While still a relatively small player in the social advertising game, Reddit is undergoing a growth spurt and expanding to Canada in order to work more directly with brands.
The company confirmed on Monday that it is opening in Toronto, only its second office outside the U.S. after opening in the United Kingdom in September. The Canadian office will include engineering, community and sales teams, the latter working directly with marketers to develop advertising programs.
At launch, the Canadian office will be managed by Reddit’s New York based head of international Tariq Mahmoud, although the sales team will report directly to executive vice-president and president of global advertising, Harold Klaje.
Mahmoud will be hiring a country manager to oversee the engineering and community teams, while Klaje said he will be hiring two sales leaders, one for large clients and one for those mid-market and smaller. “We want to make sure that we’re servicing the whole market, and we have the right team and dedication for our large clients, but also we have the right expertise and dedication for our mid-market and smaller clients,” said Klaje.
In February, Reddit announced that it has raised $250 million in new funding, increasing its valuation to $6 billion. “We decided that now was the right opportunity to make strategic investments in Reddit including video, advertising, consumer products, and expanding into international markets,” it said at the time. “We are also readying to double the number of Reddit employees this year.”

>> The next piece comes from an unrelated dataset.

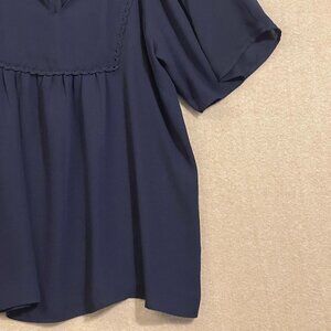 Loft Blouse Women's Small Dark Blue Flared Sleeves

Late last year, Reddit revealed that it averages 52 million daily active users, and after generating more than $100 million in advertising revenue in 2019, expected its 2020 revenue to increase by 70%.

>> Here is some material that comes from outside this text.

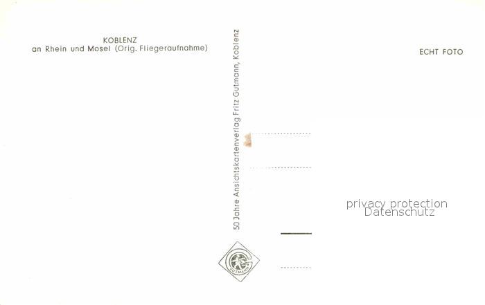 72758746 Koblenz Rhein Zusammenfluss mit Mosel Fliegeraufnahme postalisch nicht gelaufen Erhaltung siehe scans [WerneD78] KatCode: 11110007111000

Reddit said this week that its Canadian users skew young, with 59% between 18 and 34 and about 40% female. They spend an average of 31 minutes a day on the platform. Reddit also claims that 20% of its Canadian users are not on Facebook, 70% are not on TikTok and 35% are not on Twitter.
While those numbers speak to Reddit’s ability to reach a distinct audience, the platform also trails the social media giants in terms of sheer size: Twitter has about 187 million daily users, Snap has 249 million and Facebook 1.82 billion. Facebook sold about $2.6 billion worth of advertising in Canada alone in 2019.
Despite not officially having a presence in Canada, Reddit has already been working with a number of brands to reach Canadian users, among them Tim Hortons, Lenovo and General Mills.
Klaje said the appeal for marketers is Reddit’s wide range (more than 100,000) of interest-based communities, meaning that brands can reach users with specific interests, rather than targeting via user demographics.
“We have specifically an interest-based kind of approach for our users, but also for advertisers,” said Klaje. According to Reddit research, 80% of users welcome brands on the platform. “Communities actually invite brands, and like participating with brands on the platform,” he said. “It’s just about finding the right strategy and balancing the message correctly.”
Reddit offers a number of different advertising formats for brand partners: promoted text or video posts, category takeovers, and “Ask Me Anythings,” which have been closely associated with the platform for more than a decade.
The expansion of Reddit’s advertising business comes as much of the digital ad industry struggles with rising concerns about privacy and changes to the infrastructure upon which the industry was built, such as the end of the cookie.
In some ways Reddit is already where the industry is going, because privacy has always been a priority, said Klaje. “We are not about demographics, we are not about people always having to log-in with their personal identity,” he said.
Legislative changes to enhance consumer privacy align with Reddit’s own philosophy of “not being demographics focused, but being interest targeting focused, and wanting to know people for their hobbies and their passions, not only their gender and their age and all of those kinds of things,” he said.
Reddit users also tend to be more engaged with the topics and pages (or subreddits) they visit.
“The number one reason why people come to Reddit is to seek information,” said Klaje. And they want that information from a community of people connected to a topic. Reddit users tend to research more on Reddit than other platforms, and also trend to trust the information they get more, making them more likely to buy and become higher lifetime value customers.
While Reddit has long had a reputation as a slightly more wild and less restrictive place than other social platforms, it has also made efforts to remove toxic and extreme content that would be less palatable for advertisers.
“Of course we, as any platform, take brand safety in highest regard,” said Klaje.